Problem requirements: Copy everything in the records exactly; the pictures stay out.

%%

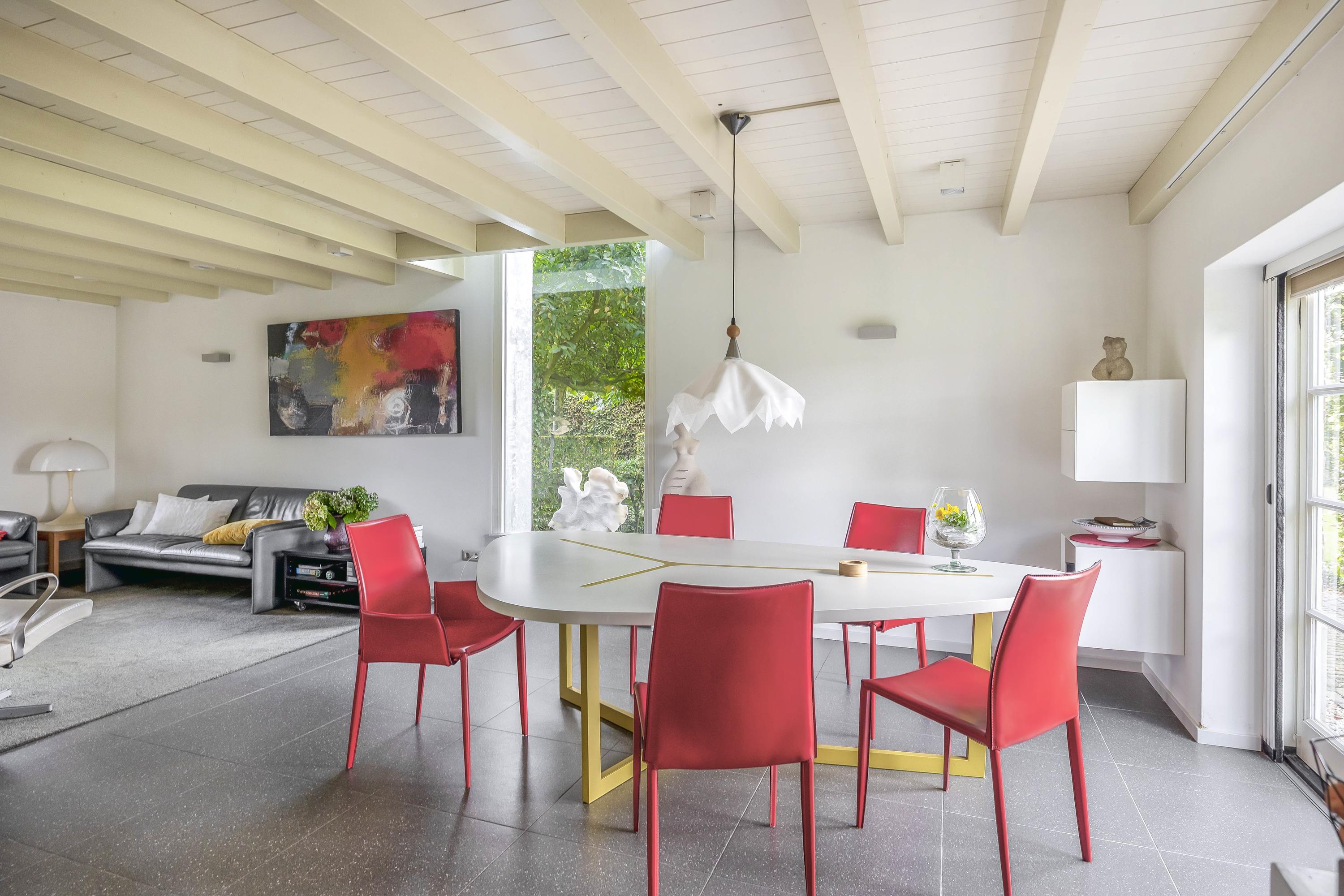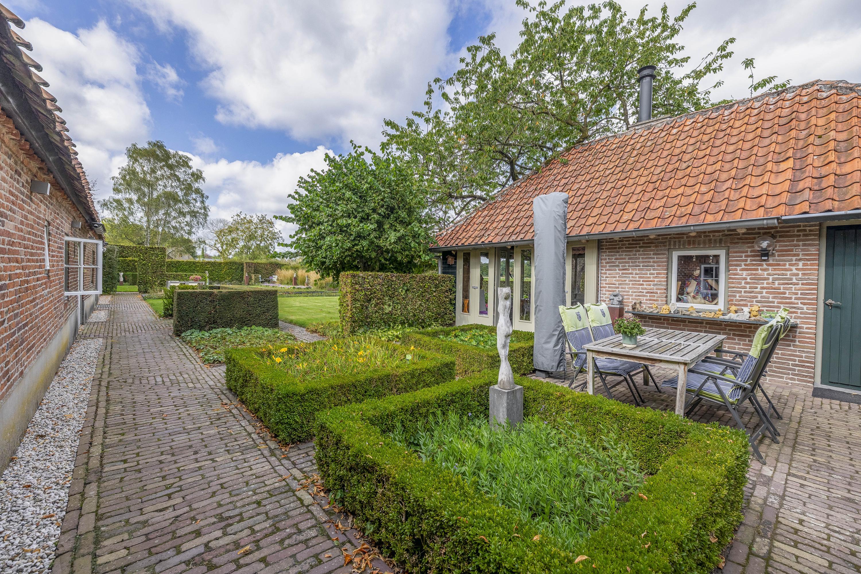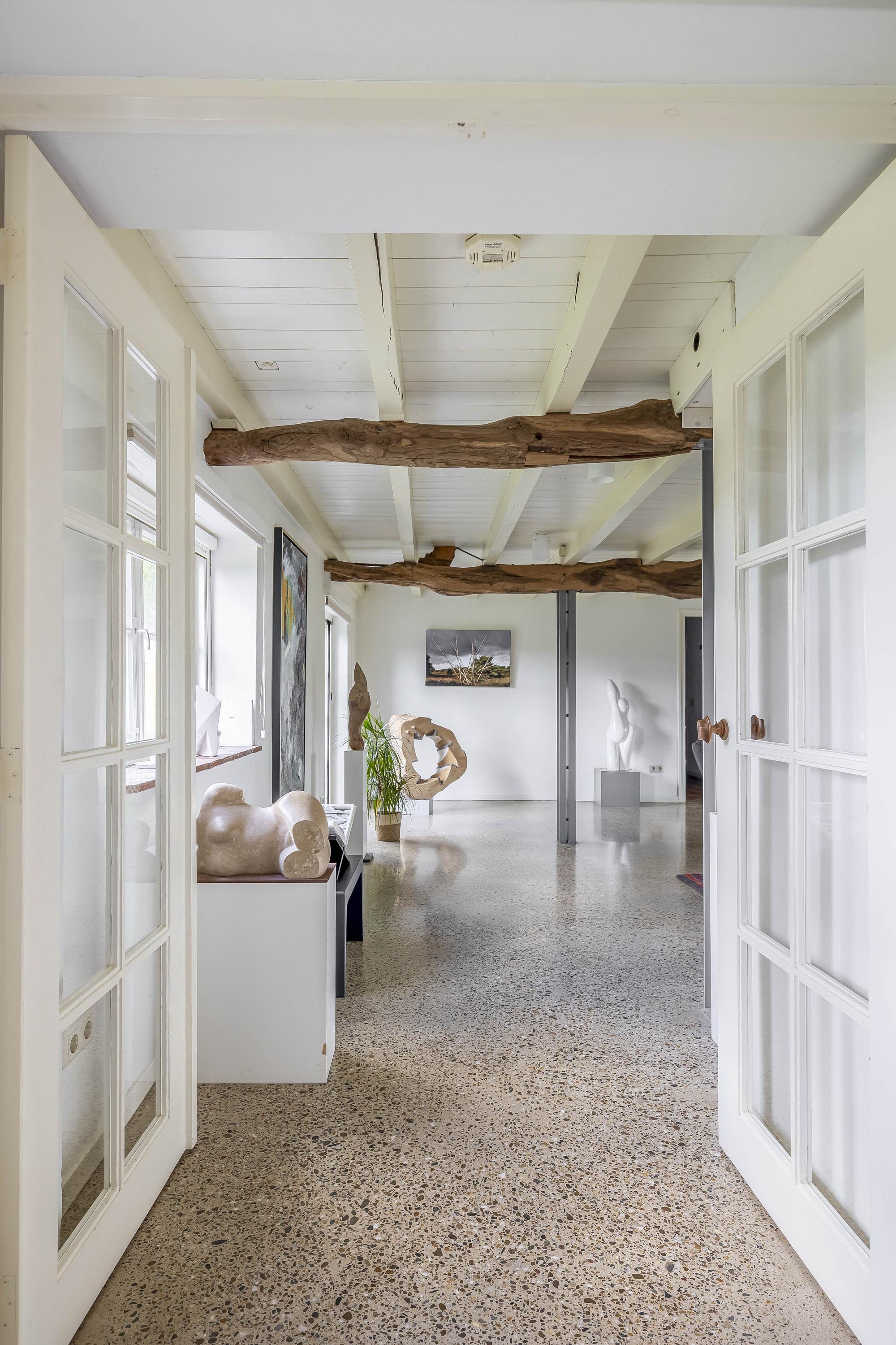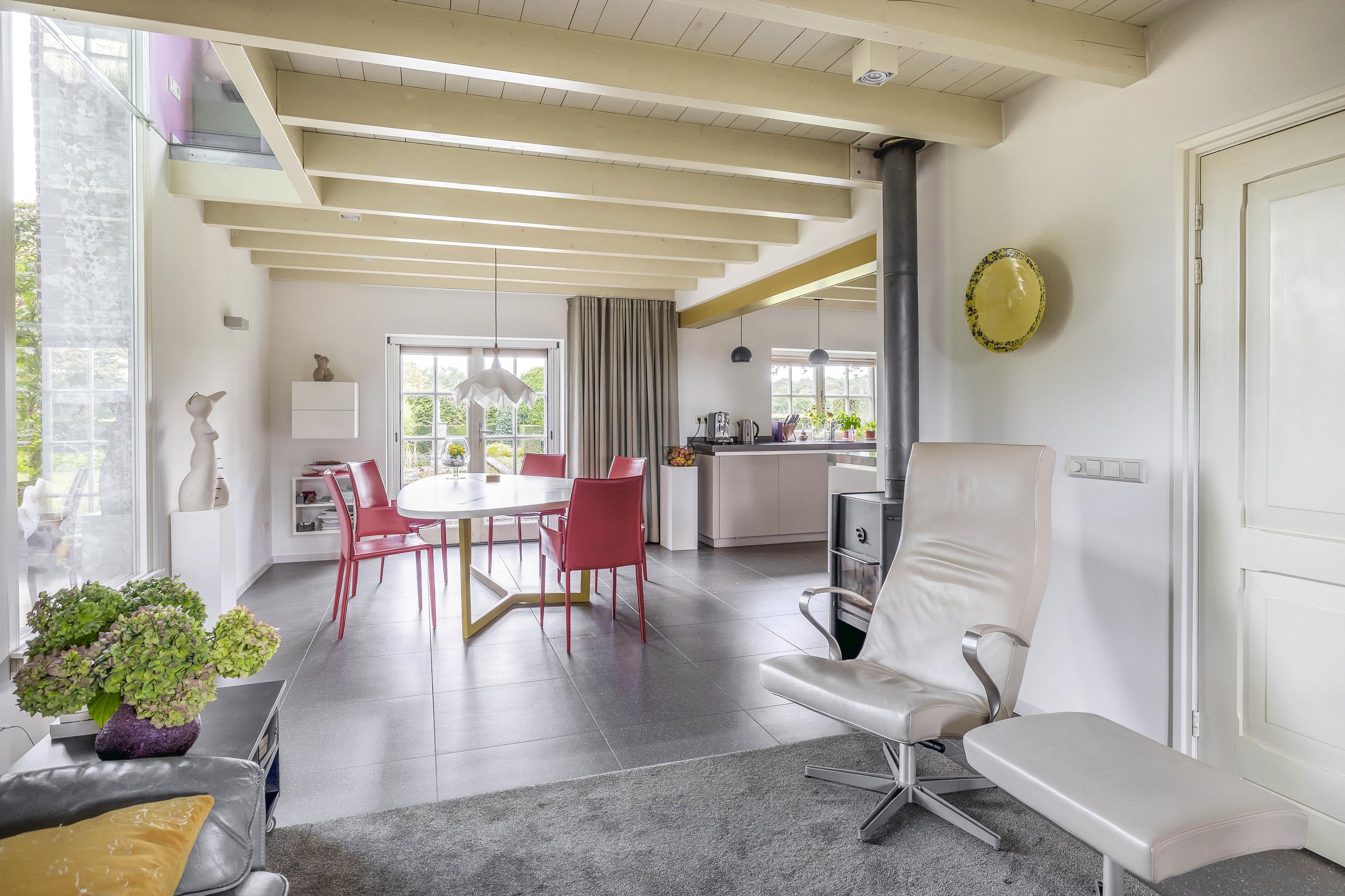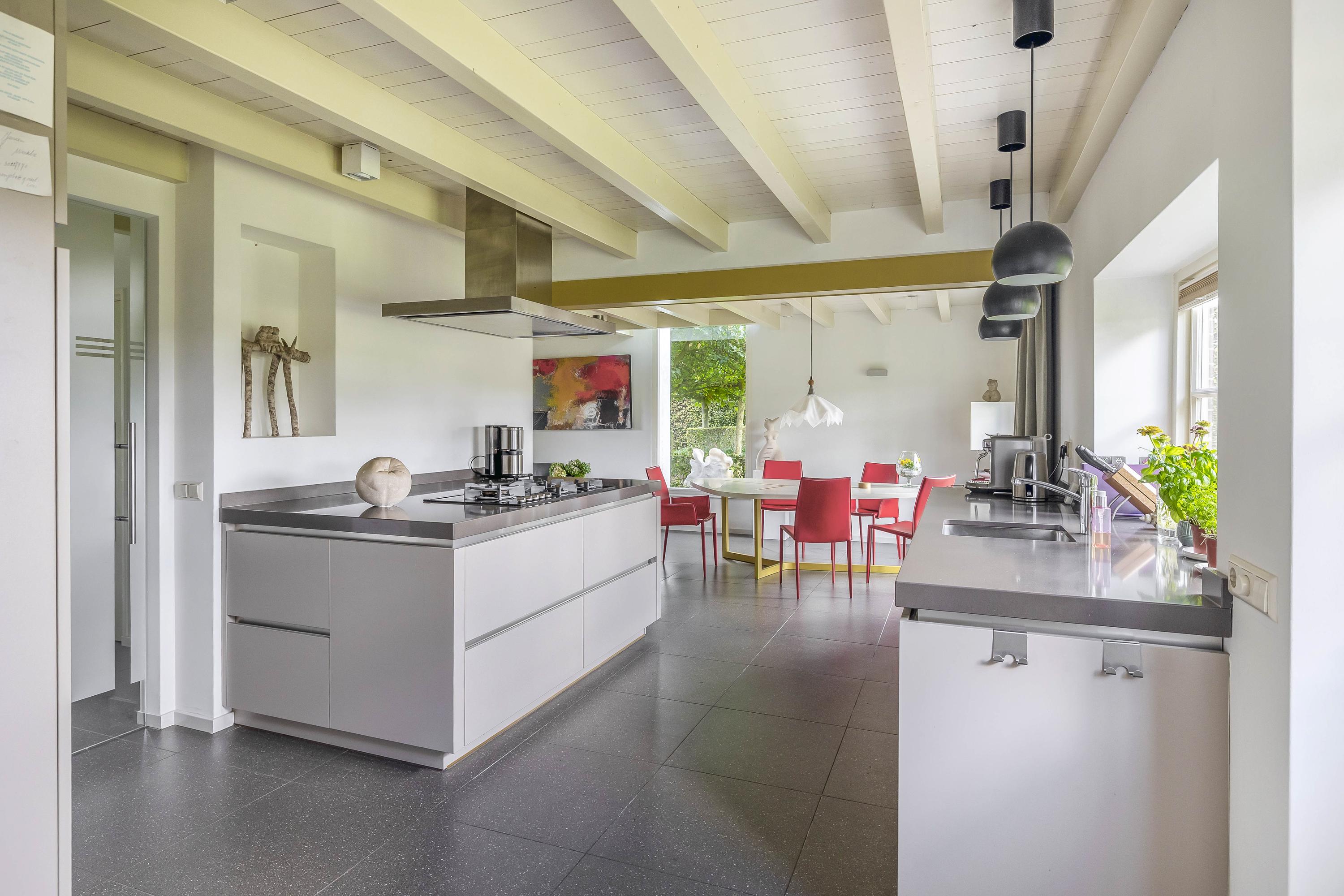 Beyond the primary residence, outbuildings extend possibility: a glazed garden house with fireplace, a studio with wine cellar, a double garage, and a barn crafted in old timber. Every segment is finished with practical sensibility—insulated, serviced, and offering ample storage. The gardens, landscaped and fully irrigated, unfold with private spaces and a variety of mature plantings, framed by rural views yet within easy reach of Valkenswaard and Veldhoven. This farmhouse for sale in Riethoven represents both continuity and progress—a place where every detail conveys care and consideration for a cultivated rural lifestyle.
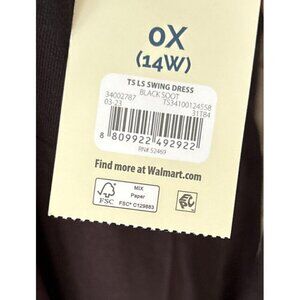 Terra & Sky Womens Dress Plus Size 0X Black Long Sleeve Knit Swing Dress V Neck
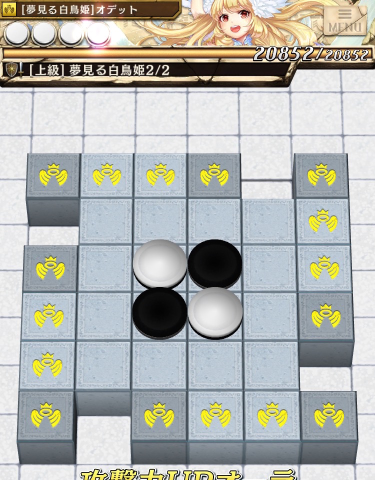 [リンク]回復:盤面に自分の神属性の駒が2枚以上あるとき発動。ひっくりかえした枚数×300のHPを回復する。
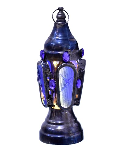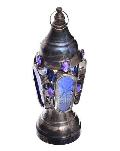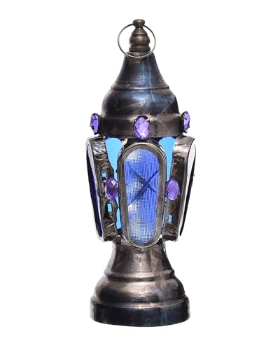 Elnada - فانوس صغير مصنوع من المعدن والزجاج بتصميم رائع لديكور المنزل والفناء واحتفالات رمضان من الندى، كحلي
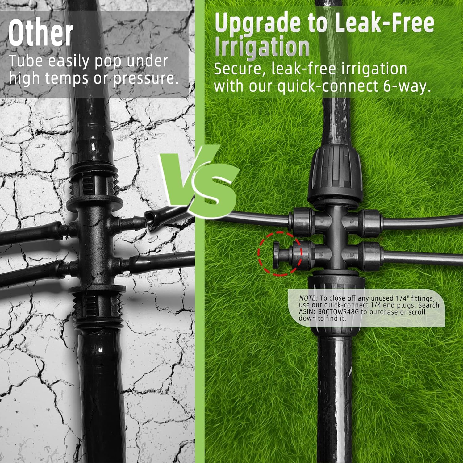 - Built to Last: The 6-way drip irrigation parts is made of sturdy, high quality plastic that is durable enough to withstand the rigors of outdoor use and not easy to deform and break. Say goodbye to the worry of traditional tee barbed connectors that can fall off and leak in the heat and sun.
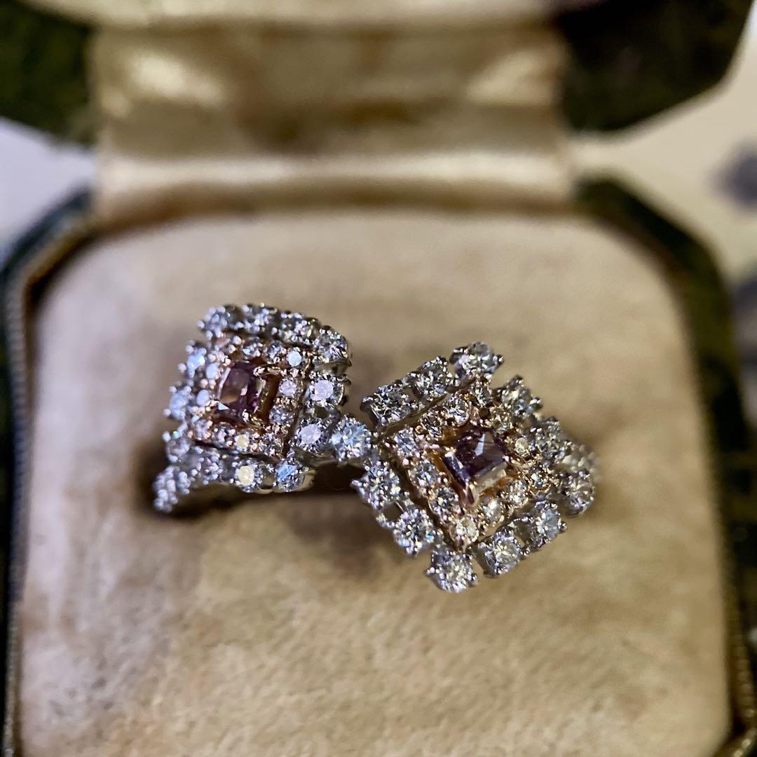 このリングの最大の魅力は、二つのスクエアの中心に配された稀少なるピンクダイヤモンド。その名は「Fancy Deep Purplish Pink」。
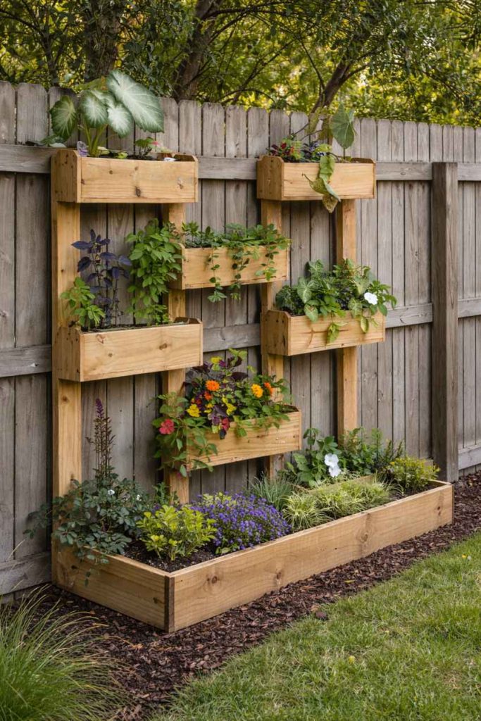 This type of fence is perfect for herbs, strawberries, succulents, or trailing flowers. The plants soften the rough wood and make the fence feel alive rather than purely functional. It also keeps frequently used herbs within arm’s reach.
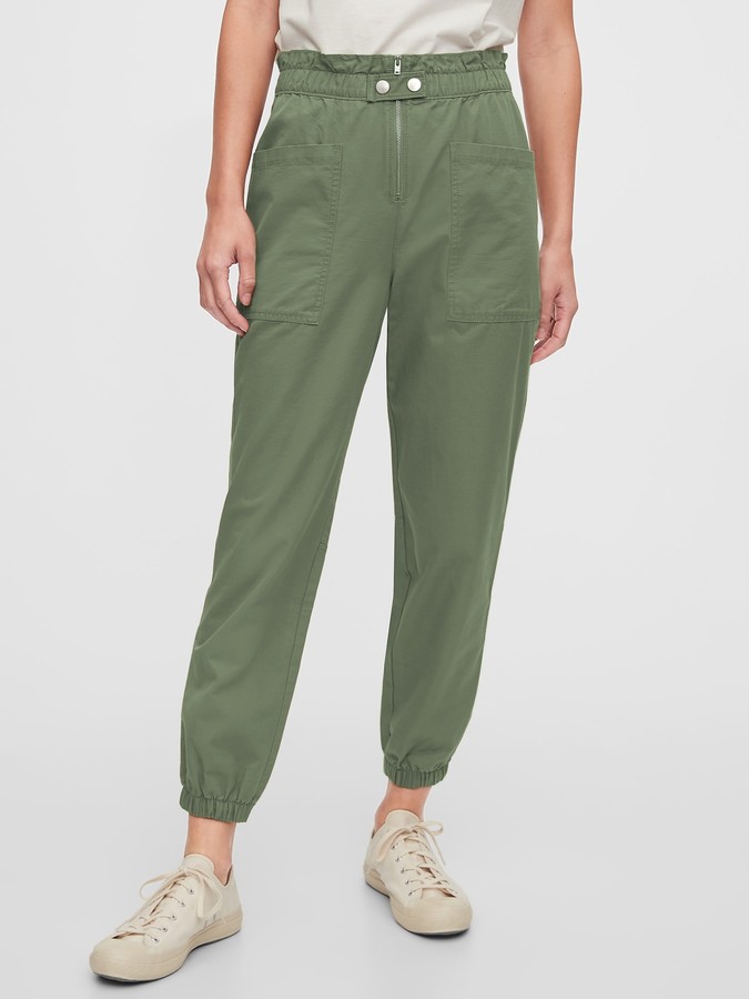 Olive High Rise Cotton Stretch Twill high rise cargo joggers

%%

Answer box:
 Beyond the primary residence, outbuildings extend possibility: a glazed garden house with fireplace, a studio with wine cellar, a double garage, and a barn crafted in old timber. Every segment is finished with practical sensibility—insulated, serviced, and offering ample storage. The gardens, landscaped and fully irrigated, unfold with private spaces and a variety of mature plantings, framed by rural views yet within easy reach of Valkenswaard and Veldhoven. This farmhouse for sale in Riethoven represents both continuity and progress—a place where every detail conveys care and consideration for a cultivated rural lifestyle.
 Terra & Sky Womens Dress Plus Size 0X Black Long Sleeve Knit Swing Dress V Neck
 [リンク]回復:盤面に自分の神属性の駒が2枚以上あるとき発動。ひっくりかえした枚数×300のHPを回復する。
 Elnada - فانوس صغير مصنوع من المعدن والزجاج بتصميم رائع لديكور المنزل والفناء واحتفالات رمضان من الندى، كحلي
 - Built to Last: The 6-way drip irrigation parts is made of sturdy, high quality plastic that is durable enough to withstand the rigors of outdoor use and not easy to deform and break. Say goodbye to the worry of traditional tee barbed connectors that can fall off and leak in the heat and sun.
 このリングの最大の魅力は、二つのスクエアの中心に配された稀少なるピンクダイヤモンド。その名は「Fancy Deep Purplish Pink」。
 This type of fence is perfect for herbs, strawberries, succulents, or trailing flowers. The plants soften the rough wood and make the fence feel alive rather than purely functional. It also keeps frequently used herbs within arm’s reach.
 Olive High Rise Cotton Stretch Twill high rise cargo joggers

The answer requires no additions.